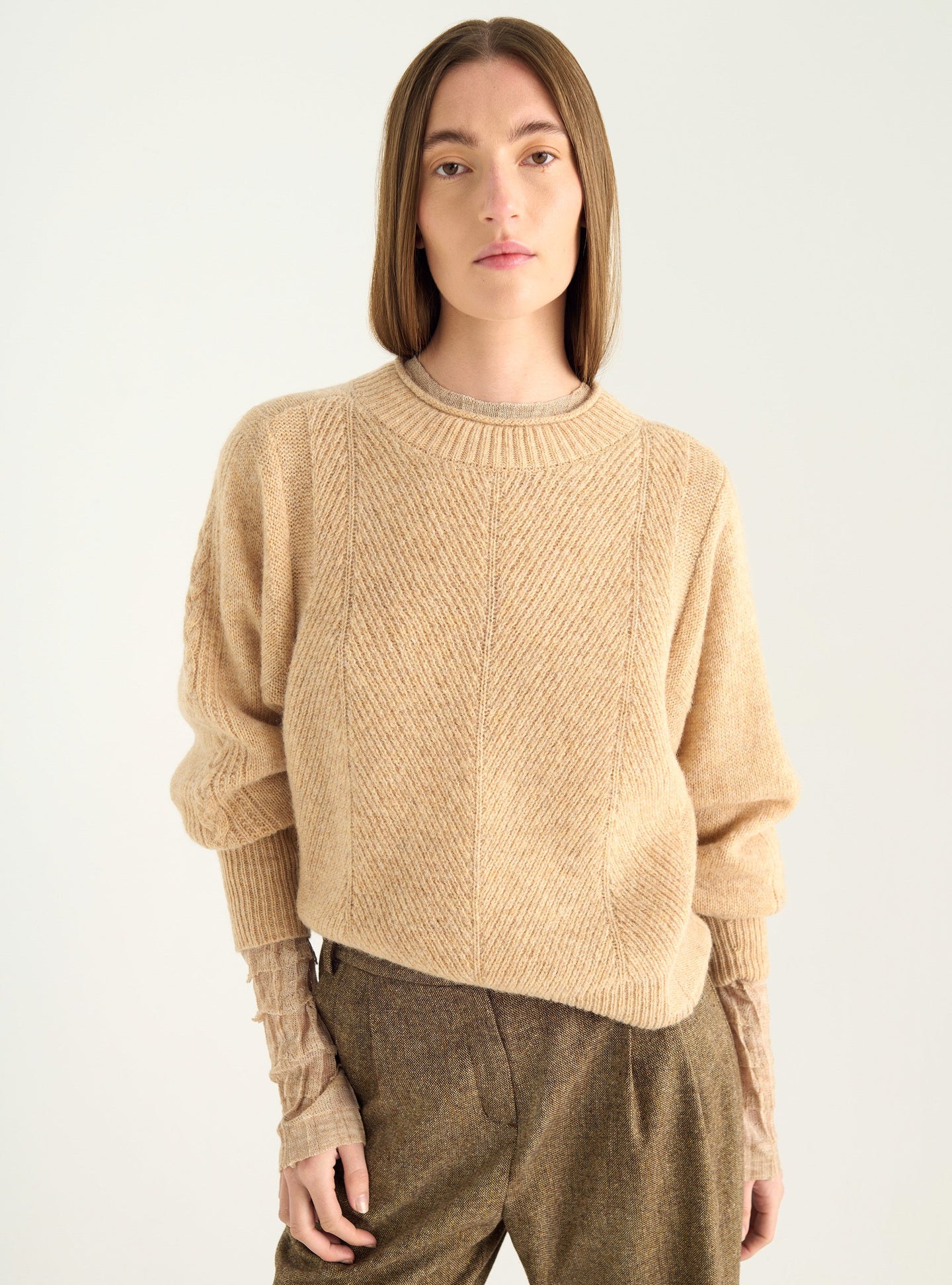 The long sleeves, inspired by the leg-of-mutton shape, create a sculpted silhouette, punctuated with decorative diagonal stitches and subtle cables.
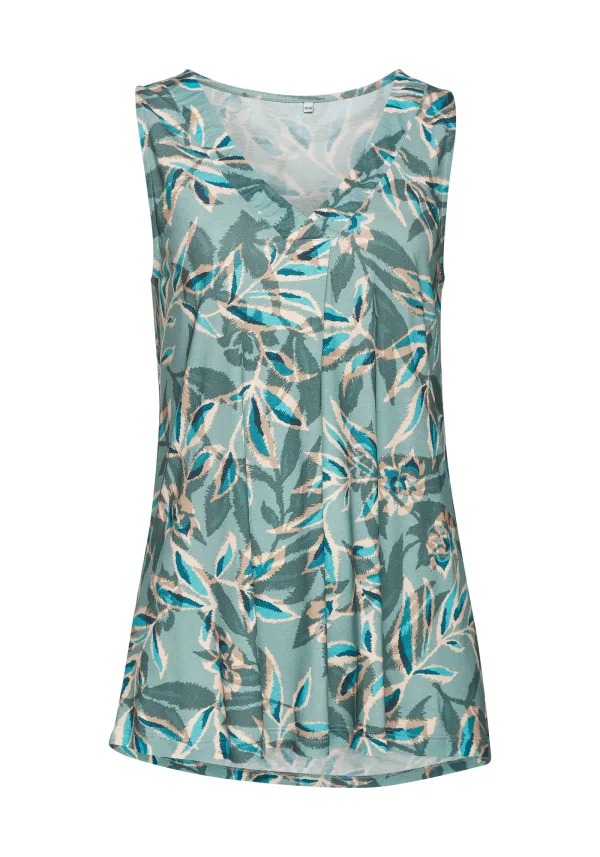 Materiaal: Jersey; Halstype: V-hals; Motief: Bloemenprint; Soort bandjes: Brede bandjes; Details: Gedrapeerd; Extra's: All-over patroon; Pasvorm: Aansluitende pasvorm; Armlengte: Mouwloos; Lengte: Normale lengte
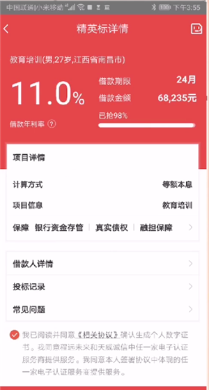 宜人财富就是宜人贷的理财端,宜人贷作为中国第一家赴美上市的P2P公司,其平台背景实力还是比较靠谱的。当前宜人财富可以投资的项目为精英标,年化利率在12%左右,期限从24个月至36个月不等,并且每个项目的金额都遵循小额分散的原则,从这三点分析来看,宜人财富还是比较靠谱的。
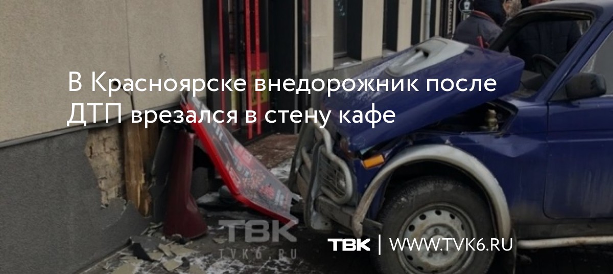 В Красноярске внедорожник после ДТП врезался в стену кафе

────────

__Task description__: Nothing but the pictures should be left out when the listing is repeated exactly.

__Written response__:
 The long sleeves, inspired by the leg-of-mutton shape, create a sculpted silhouette, punctuated with decorative diagonal stitches and subtle cables.
 Materiaal: Jersey; Halstype: V-hals; Motief: Bloemenprint; Soort bandjes: Brede bandjes; Details: Gedrapeerd; Extra's: All-over patroon; Pasvorm: Aansluitende pasvorm; Armlengte: Mouwloos; Lengte: Normale lengte
 宜人财富就是宜人贷的理财端,宜人贷作为中国第一家赴美上市的P2P公司,其平台背景实力还是比较靠谱的。当前宜人财富可以投资的项目为精英标,年化利率在12%左右,期限从24个月至36个月不等,并且每个项目的金额都遵循小额分散的原则,从这三点分析来看,宜人财富还是比较靠谱的。
 В Красноярске внедорожник после ДТП врезался в стену кафе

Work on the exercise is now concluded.